Она вздохнула и отхлебнула горячего чая. Уэнди дала ей в руки чашку, но прежде усадила в кресло и укутала мохеровым пледом. Голова до сих пор кружилась, а грудь и горло болели. Слабость и шок – вот что она ощущала, однако в глубине ее существа расцветали умиротворение и благодарность. Чай горячий, плед теплый, она живая. Берди взглянула на отца, которого сразу вызвали в «Третье желание», и он улыбнулся, потом посмотрела на Макса.
– Вы знали, – повторила Берди обвинительным тоном.

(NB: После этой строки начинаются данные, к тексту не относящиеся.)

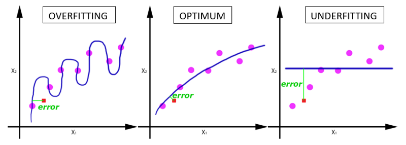 随着 epoch 数量增加,神经网络中的权重的更新次数也增加,曲线从欠拟合变得过拟合。
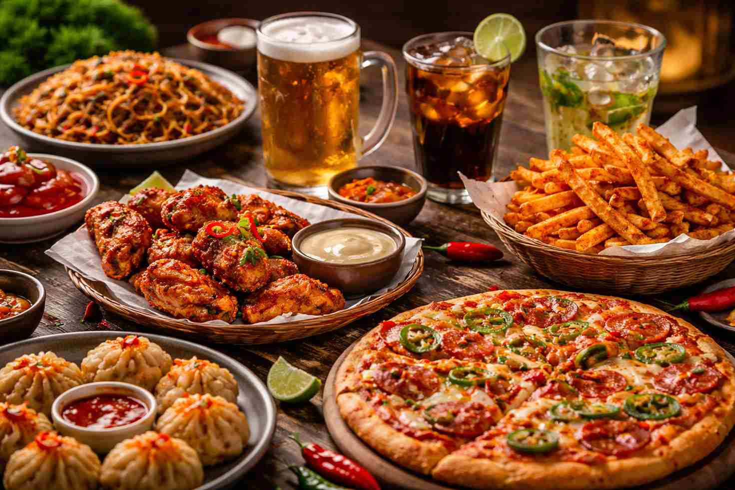 If you pick the correct snacks and pair them carefully, your late-night desires for the best spicy meals can be completely satisfied. You can take pleasure in delicious snacks guilt-free, such as spicy momos, sizzling wings, cheesy pizza, and spicy noodles.
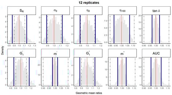 Bootstrap analysis of rheological parameters - 1 reference batch versus 1 reference batch. 10,000 geometric mean ratios (light grey area) resulting from the bootstrap analysis of “1 reference batch versus 1 test batch″ for each rheological parameter. Data of 10 batches and 12 replicate each were used. Median (red line) and non-parametric 90% CI (blue lines) of the probability distribution. Dashed lines represent the acceptance limits for equivalence (90–111.11%) stated in the EMA guideline [4]. SR, relative thixotropic area; σ0, yield stress; η0, zero-shear viscosity; η100, viscosity at 100 s−1; tan δ, loss tangent;, calculated elastic modulus; , calculated viscous modulus; m’ and m″ are the parameters obtained when fitting G’ and G’’, respectively, versus frequency; AUC, area under the surface versus weight curve (spreadability).
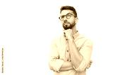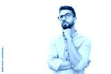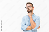 Pensive customer thinking over special offer, touching chin, looking up. Handsome young man in casual shirt and glasses standing isolated over white background. Advertising concept

Макс едва заметно кивнул. Глаза за стеклами очков смотрели печально.
– Думаю, что догадался бы сразу, если бы не Уоррен Дейли. Она… Бервин… всегда была очень… впечатлительной. Любые события переживала напряженно и глубоко, но особенно острые чувства питала ко мне. Всегда. Мы были невероятно близки. – Он опустил голову и неловко пошевелился в кресле. (Заерзал, мысленно определила Берди.) Ему не хотелось об этом думать, но он заставлял себя: знал, что должен высказаться, – поэтому после долгого молчания продолжил: – Но безраздельное совместное существование не устраивало ни одного из нас. Бервин постоянно твердила, что не создана для брака. Так и есть. И я тоже не создан для брака. Ни одному из нас не следовало ни с кем сближаться. Это не наш путь. Мы пугаемся. Брак… – улыбнулся он с усилием, – вреден для нашего психического здоровья.
– Не говори так, папа! – запротестовала сидевшая рядом Уэнди, но Макс лишь рассеянно погладил дочь по руке.

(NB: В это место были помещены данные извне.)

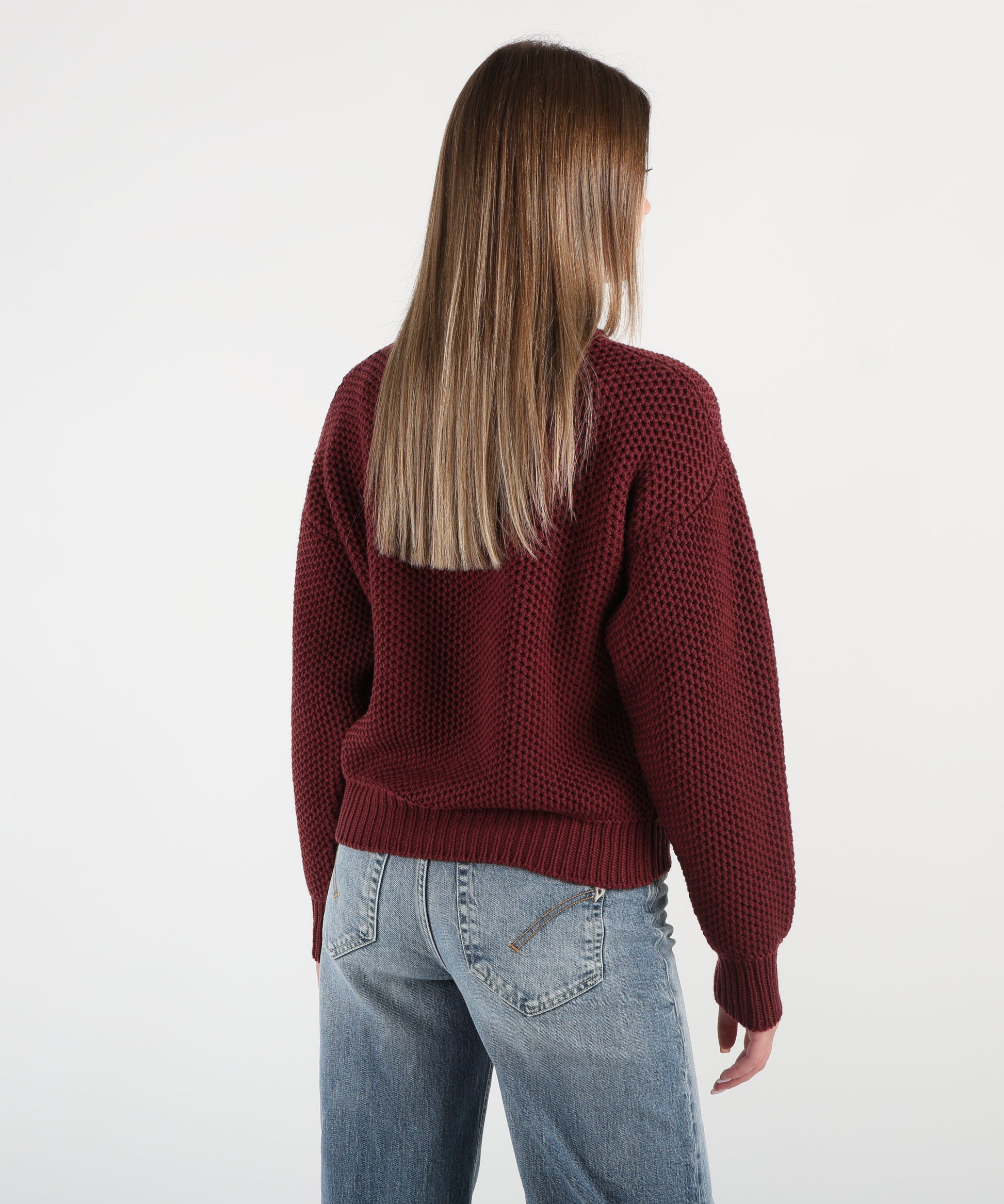 Maglioncino dalla vestibilità regolare che combina comfort e stile in un design essenziale e raffinato. Realizzato con una lavorazione a nido d’ape, presenta una texture tridimensionale che dona profondità e carattere al capo. Lo scollo tondo sottolinea la linea pulita e versatile del modello, rendendolo perfetto sia per look casual che più eleganti. Morbido e piacevole da indossare, è un must-have del guardaroba contemporaneo.

– Я пытался получить все и сразу. Хотел держать Бервин при себе и в то же время оставаться свободным. Много работал. Вел светскую жизнь. Делал для нее все, однако стремился сохранить дистанцию. Не допускал ни малейшего контроля. Наверное, подобный диагноз поставил бы психоаналитик. В результате Бервин едва не сошла с ума, перестала работать, но оказалась смелее меня и решилась на разрыв. Просто села в машину, уехала и не вернулась. Вскоре я понял, что так лучше. Мы встречались, хотя и не слишком часто. Я заводил подружек, но ее это не волновало. Бервин понимала, как мало они для меня значат. Мимолетное развлечение, не более.
– Старый распутник, – без тени осуждения произнесла Иза и, склонив голову, элегантно сделала глоток чаю из фарфоровой чашки.

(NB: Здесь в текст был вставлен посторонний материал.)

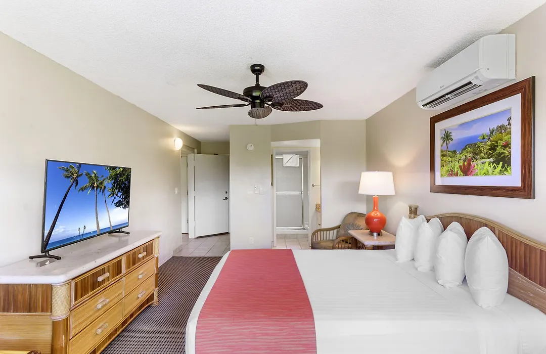 Accommodations at Maui Banyan Vacation Club include studio and one-bedroom suites, with options for up to six guests in two-bedroom Pearl units. Each unit features air conditioning, a kitchenette or full kitchen, private balcony, and modern appliances such as a dishwasher and coffee maker.
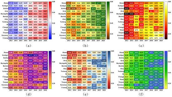 Index of Various Regions in Xinjiang from 2013 to 2020. (a) CD; (b) EE; (c) UR; (d) CC; (e) CH; (f) GD.
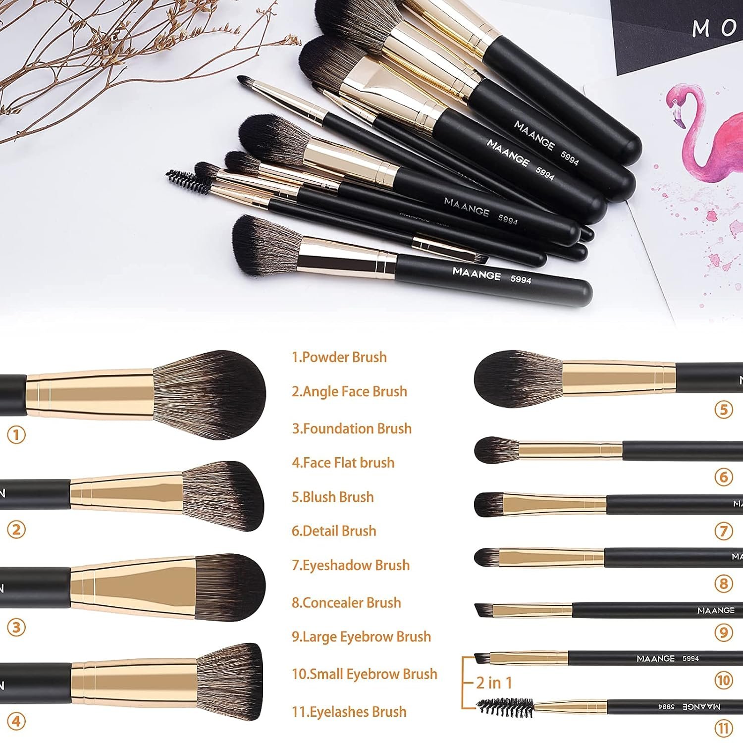 MAANGE UPGRADE MAKEUP BRUSHES SET: Contains 10 basic makeup brushes for liquid foundation, eye shadow, concealer, etc. 1 makeup brush case, 1 makeup sponge and 1 Brush cleaner mat. A full set of makeup equipment, take care and storage of your make up brushes, save worry and effort, and Let each makeup brush give full play to its effect and not be left unused.

Тоби посмотрел на нее с восхищением: воплощенная тетушка Дора.
– А потом явилась Мэй, – прохрипела Берди.
Макс кивнул:
– За неделю до вечеринки мы встретились в ресторане, и я рассказал Бервин о грядущих переменах. Она восприняла новость спокойно: решила, что я веду себя глупо. Настолько глупо, что предстоящий брак нисколько ее не встревожил. Бервин не находила в Мэй ничего интересного и привлекательного. Полагаю, как и все вы. – Макс грустно улыбнулся. – Бедняжка Мэй.
Берди заметила, что Уэнди и Дуглас тайком переглянулись.
– Поэтому я повел себя самоуверенно и нахально, – вздохнул Макс. – Наверное, снова захотел получить все и сразу. Позвал Бервин сюда под предлогом работы над портретом, чтобы держать при себе обеих. Так все оказались рядом, под присмотром: Бервин, Мэй, Иза.
Иза. Всегда и везде Иза. Берди улыбнулась.
– Вскоре я понял, что совершил ошибку, уже через несколько дней. Бервин все видит, все замечает. Она сразу осознала, что Мэй совсем другая, особенная. Бесконечные наброски не прошли даром. Когда она писала мой портрет, тоже сделала их немало. Ясно помню, как это было. Она что-то говорит. Ты что-то говоришь, о чем-то расспрашиваешь. Она впитывает твои слова, а потом они ложатся на бумагу и превращаются в… – Лицо Макса исказилось болью. – Господи! Если ее посадят в тюрьму… Надеюсь, ей разрешат рисовать и писать, правда?
В комнате повисло долгое тяжкое молчание. Наконец Ангус Бердвуд произнес:
– Бервин знала о твоем отце. – Это было утверждение, а не вопрос.
Уэнди, Дуглас и Иза посмотрели на него с удивлением. Закрыв лицо руками, Макс кивнул:
– Я рассказал ей в тот день, когда мы… когда увидел свой портрет законченным.
Бервин утверждала, будто во время сеансов они с Мэй не разговаривали, подумала Берди, но на самом деле, конечно, общались, Мэй сама призналась. После появления Уоррена Дейли Мэй написала Бервин записку: попросила прощения и сообщила, что уходит, однако уже на следующий день с облегчением поведала, что Макс вмешался и спас ее. И даже рассказала художнице, к которой прониклась доверием, о своем печальном браке. Так же как и Максу. Бервин узнала о мучительных годах побоев и унижения, услышала о побеге и поняла печальную правду: теперь Макс никогда не оставит Мэй Тран. В ней он нашел существо, нуждающееся в любви и защите. Благодаря Уоррену Дейли Макс получил способ удовлетворить свою первичную, иррациональную потребность, осуществить то, что не удалось осуществить ради матери. Мэй зависела бы от него всецело, безоговорочно. Позволила бы спасти ее и растворилась бы в спасителе, подарила бы шанс излечить ту боль, что Макс нес в душе всю жизнь.
В предвечерний час Бервин вышла вместе с Мэй в сад. Портрет все еще не имел фона. Могло ли что-нибудь подойти лучше, чем буйные заросли, где девушка любила гулять? Бервин хотела увидеть модель на фоне природы. Да, все могло случиться именно так. Иначе зачем Мэй вышла в сад в той же одежде, в какой позировала? И даже с зачесанными наверх волосами, хотя обычно предпочитала распускать их по плечам?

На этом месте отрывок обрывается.